* Instructions for the task: All of the data that follows should be retyped exactly, please, except the pictures.

* Recorded data:
=====
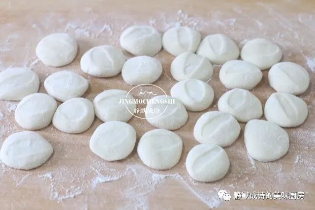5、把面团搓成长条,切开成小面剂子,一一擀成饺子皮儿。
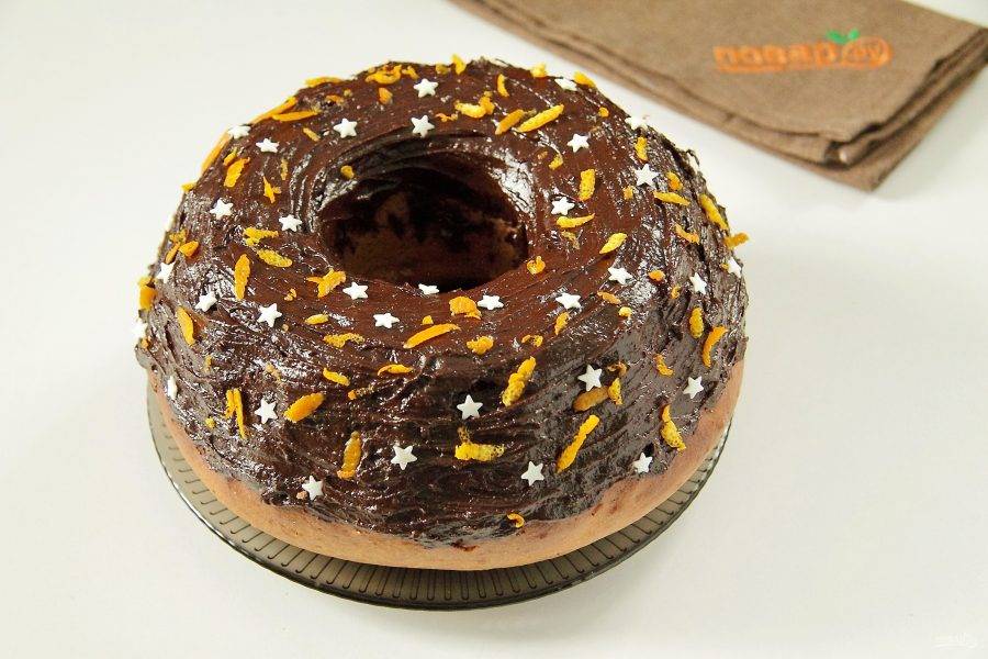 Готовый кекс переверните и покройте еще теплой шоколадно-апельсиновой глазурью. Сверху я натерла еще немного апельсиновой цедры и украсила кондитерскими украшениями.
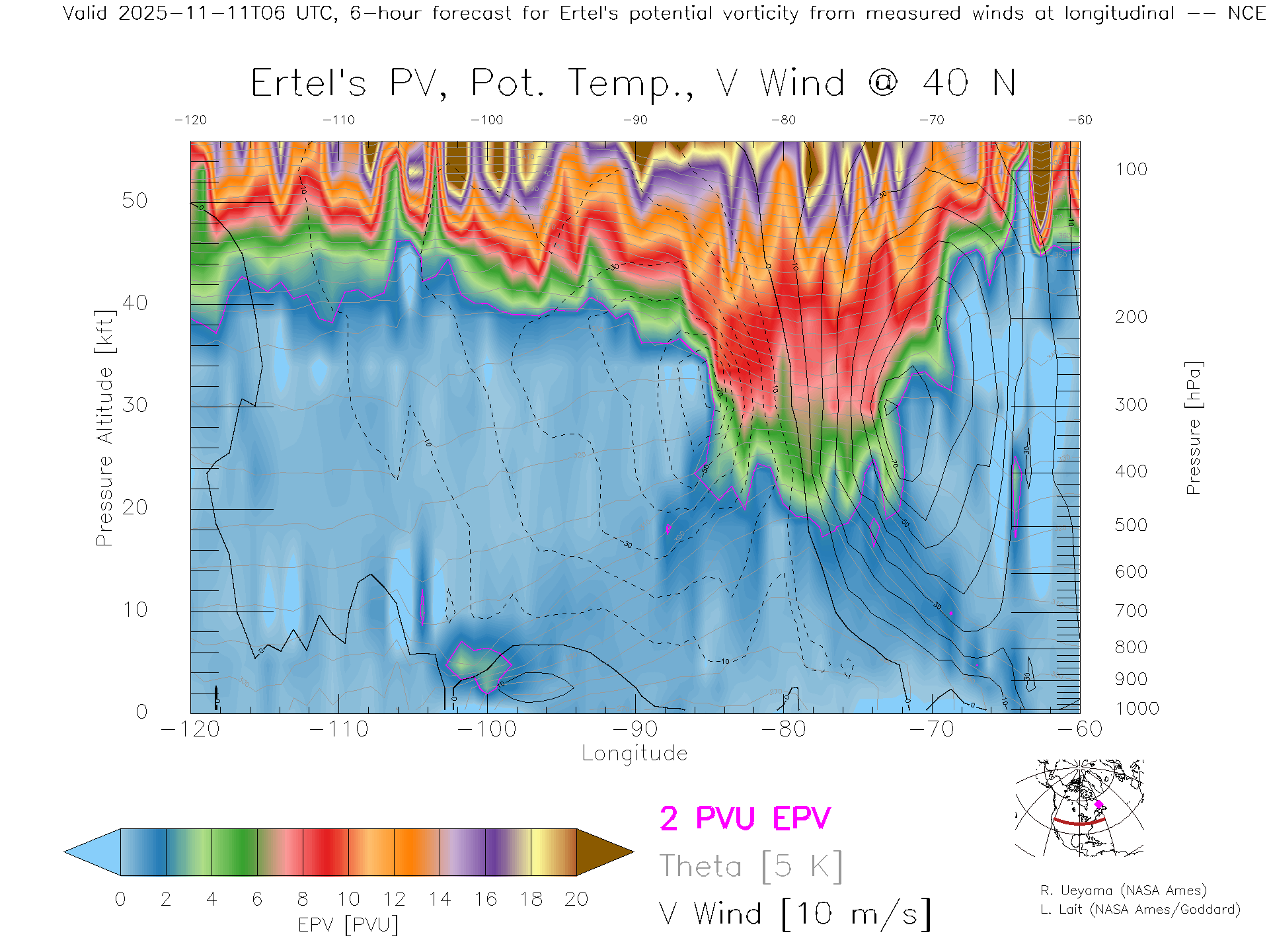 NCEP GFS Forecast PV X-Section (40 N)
=====
* Task output:
5、把面团搓成长条,切开成小面剂子,一一擀成饺子皮儿。
 Готовый кекс переверните и покройте еще теплой шоколадно-апельсиновой глазурью. Сверху я натерла еще немного апельсиновой цедры и украсила кондитерскими украшениями.
 NCEP GFS Forecast PV X-Section (40 N)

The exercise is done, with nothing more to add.